# VIP612 and IR to UHF Pro Upgrade Kit



## sammycanoe (Jul 7, 2014)

I have a VIP 612 and I can't get the IR TO UHF Upgrade Kit to work. Red light in Converter won't even come on.

Help


----------



## [email protected] Network (Jan 6, 2011)

I'd be happy to help. The 612 does have UHF built in, so the converter is not needed. Make sure the antenna is connected to the UHF port on the back of the receiver and program the remote as normal.

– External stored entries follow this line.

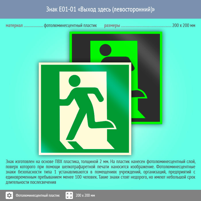 Знак E01-01 «Выход здесь (левосторонний)» (фотолюминесцентный пластик, 200х200 мм) в Томске купить
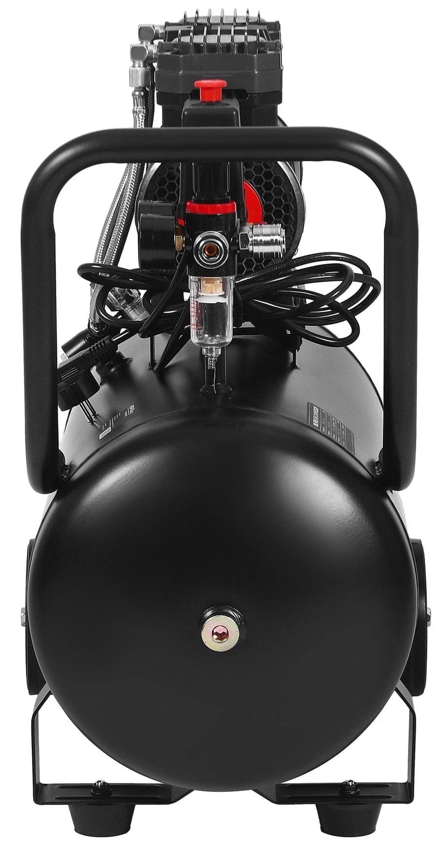 Dzięki silnikowi 2500W i maksymalnej wydajności 290 l/min, kompresor szybko napełnia narzędzia powietrzne, zapewniając ciągłość pracy. Solidny metalowy uchwyt oraz duże kółka ułatwiają transport urządzenia. Dwa czytelne manometry, cicha praca 70 dB oraz zabezpieczenie przed przeciążeniem gwarantują komfort i bezpieczeństwo użytkowania. Dodatkowy odwadniacz z reduktorem ciśnienia umożliwia precyzyjną kontrolę sprężonego powietrza.
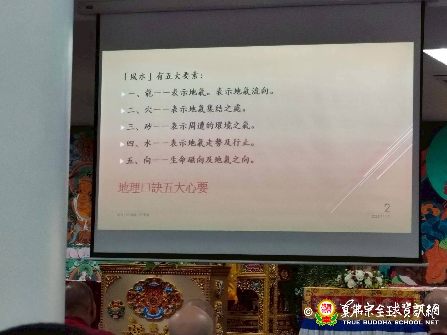 課程後半段,釋蓮滿上師(蓮滿上師)接續講授陽宅風水。上師提醒,風水課程是為了讓大家「醒過來」,回到人間法。
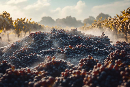 A blanket of ripe grapes lies on the ground, bathed in morning light. Surrounding vines glisten with dew, creating a serene atmosphere in the vineyard's tranquil setting.
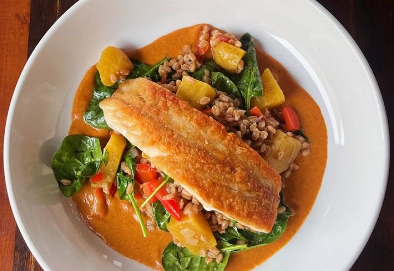 served over roasted garlic farro, golden beets, wilted spinach, and finished with a roasted red pepper and charred lemon cream
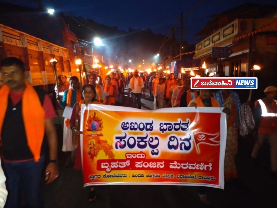 ವಿರಾಜಪೇಟೆಯಲ್ಲಿ ಅಖಂಡ ಭಾರತ ಸಂಕಲ್ಪ ದಿನ ಪ್ರಯುಕ್ತ ಪಂಜಿನ ಮೆರವಣಿಗೆ

What model remote is this?


----------



## sammycanoe (Jul 7, 2014)

I have the antenna on the receiver but it doesn't work from another room. that is why I wanted the converter.
VIP 612 DVR


----------



## RBA (Apr 14, 2013)

sammycanoe said:


> I have a VIP 612 and I can't get the IR TO UHF Upgrade Kit to work. Red light in Converter won't even come on.
> 
> Help


VIP612 doesn't need an upgrade kit the receiver is capable of either UHF or IR it is simply a menu option and having a UHF remote.


----------



## harsh (Jun 15, 2003)

I read recently that the converter remote will NOT work with the ViP612 (or pretty much any DISH UHF capable receiver). Have you tried a conventional 6.x Pro UHF remote like the one that the ViP612 came with?

If range is the issue, there are ways of making the receiver more (or less) sensitive to the UHF signal.


----------



## sammycanoe (Jul 7, 2014)

No UHF remotes in house except for the one the upgrade kit came with. Only have a 20.1 IR remote for the VIP612. 

Guess I'm out of luck here. Unless I buy a 6. x Pro UHF remote?


----------



## RBA (Apr 14, 2013)

Yes you will need a UHF remote DISH has many that will work and Ebay is cheap. I have 21.0, 6.0 and6.3 that all work with my 612.


----------